Reorganizing Quantum Measurement Records Improves Time-Series Prediction

Markus Baumann

Abstract

Near-term quantum computers are accessed through repeated circuit executions, which produce finite measurement records rather than exact deterministic outputs. In quantum reservoir computing, these records are converted to feature vectors for a classical readout. The standard expectation-value approach averages all shots from one labeled time step into a single feature vector. This reduces finite-shot noise, but it also gives the readout only one training example from many circuit executions. We...

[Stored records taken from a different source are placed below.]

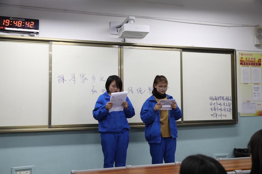 本次活动每个班级别出心裁,以自己的家乡文化为主题,创作出一幅幅精美的海报。各班级的节目表演让人振奋,爱国歌曲更感受到了祖国母亲的伟大。本次活动中学生们踊跃参加、积极向上,弘扬传统精神牢记家乡文化,牢记祖国的传统精神。
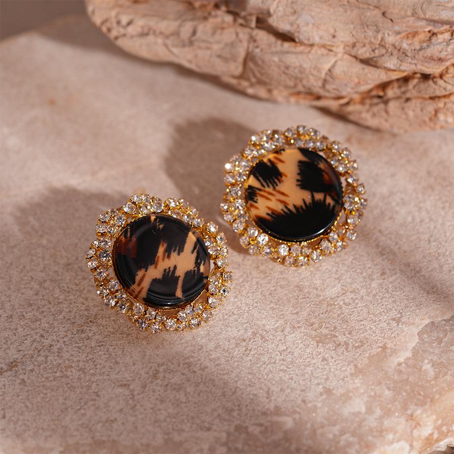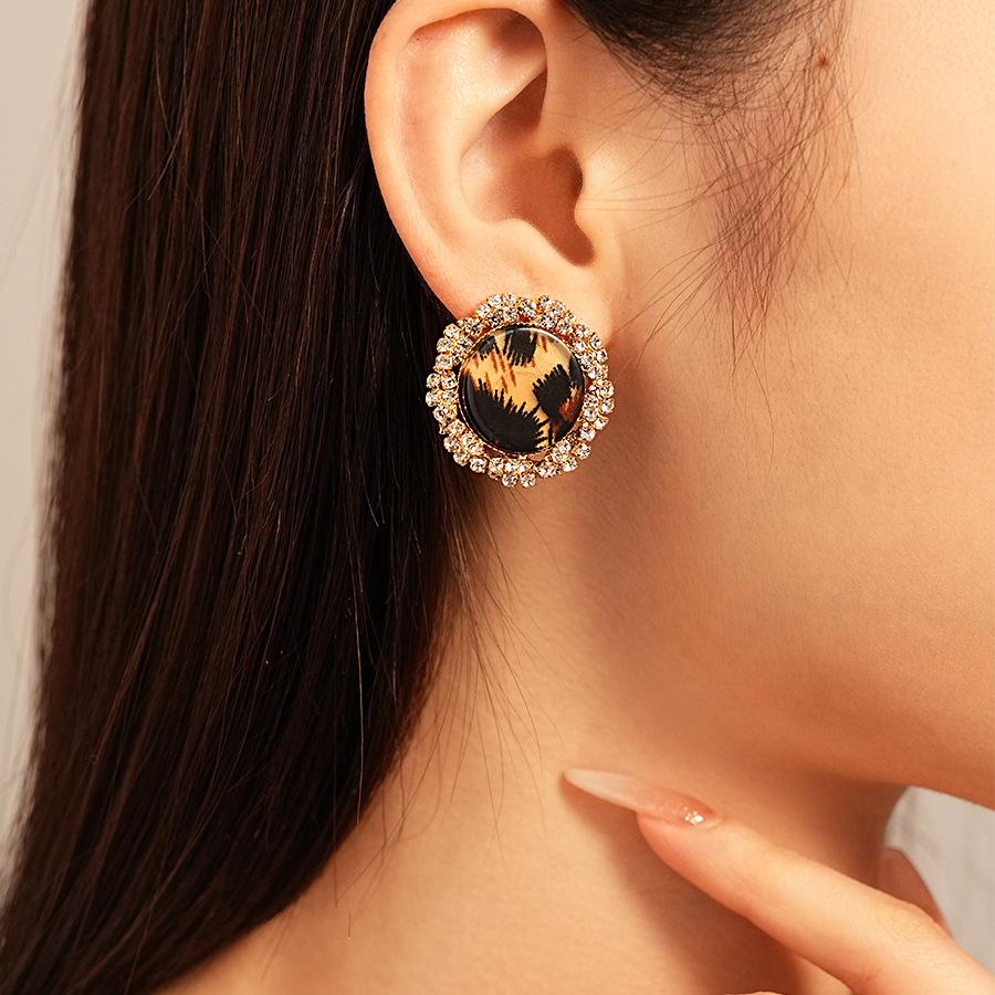 Silver Needle-Round Zircon Leopard Stud Earrings
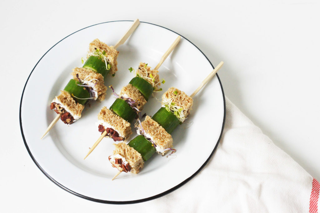 We spicen de sandwich op een stokje wat op met 2 soorten kiemen. Dit maakt de prikkers nog gezonder en feestelijker. We kozen voor broccoli kiemen en rode koolkiemen.
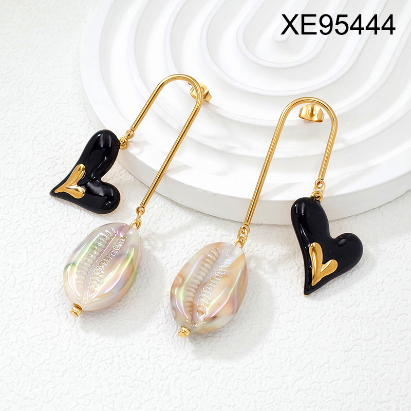 Level B Stainless Steel New Trendy Women Jewelry Heart Shell Golden Earrings
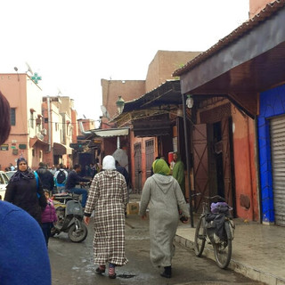 After taking our bags in the rooms and freshening up, we headed downstairs to follow these people into town. The lady who offered their help was very talkative and talked the entire way. It was about a 10 to 15 minute walk into town from the Ryad. I took the pictures below to help us find our way back to the Ryad. Chloe and Kofo thought I was crazy for doing that but it ended up helping us get back.
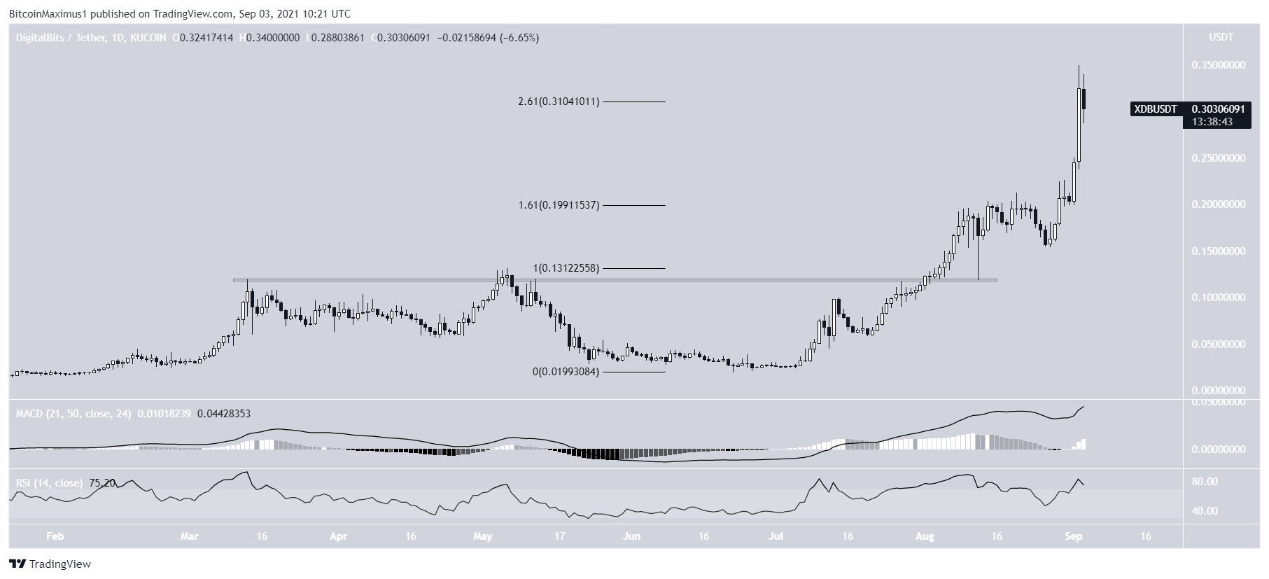 On Sept 2, XDB reached a new all-time high price of $0.35. The high was made very close to the 2.61 external Fib retracement level.

Submitted: May 1, 2026Subjects: Quantum Physics; Quantum Computing

Description / Details

Near-term quantum computers are accessed through repeated circuit executions, which produce finite measurement records rather than exact deterministic outputs. In quantum reservoir computing, these records are converted to feature vectors for a classical readout. The standard expectation-value approach averages all shots from one labeled time step into a single feature vector. This reduces finite-shot noise, but it also gives the readout only one training example from many circuit executions. We introduce split-ensemble training: the same shots are split into groups, and each group average is used as a separate, partially denoised feature vector for the same target. The quantum circuit, task, and measurement budget remain unchanged. Across simulated forecasting benchmarks and real hardware experiments, this simple reorganization improves prediction when full averaging leaves the readout with too few training examples, with the strongest gains observed on hardware. Our results establish shot-record organization as a simple, broadly applicable algorithmic lever for improving near-term quantum learning without additional quantum hardware cost.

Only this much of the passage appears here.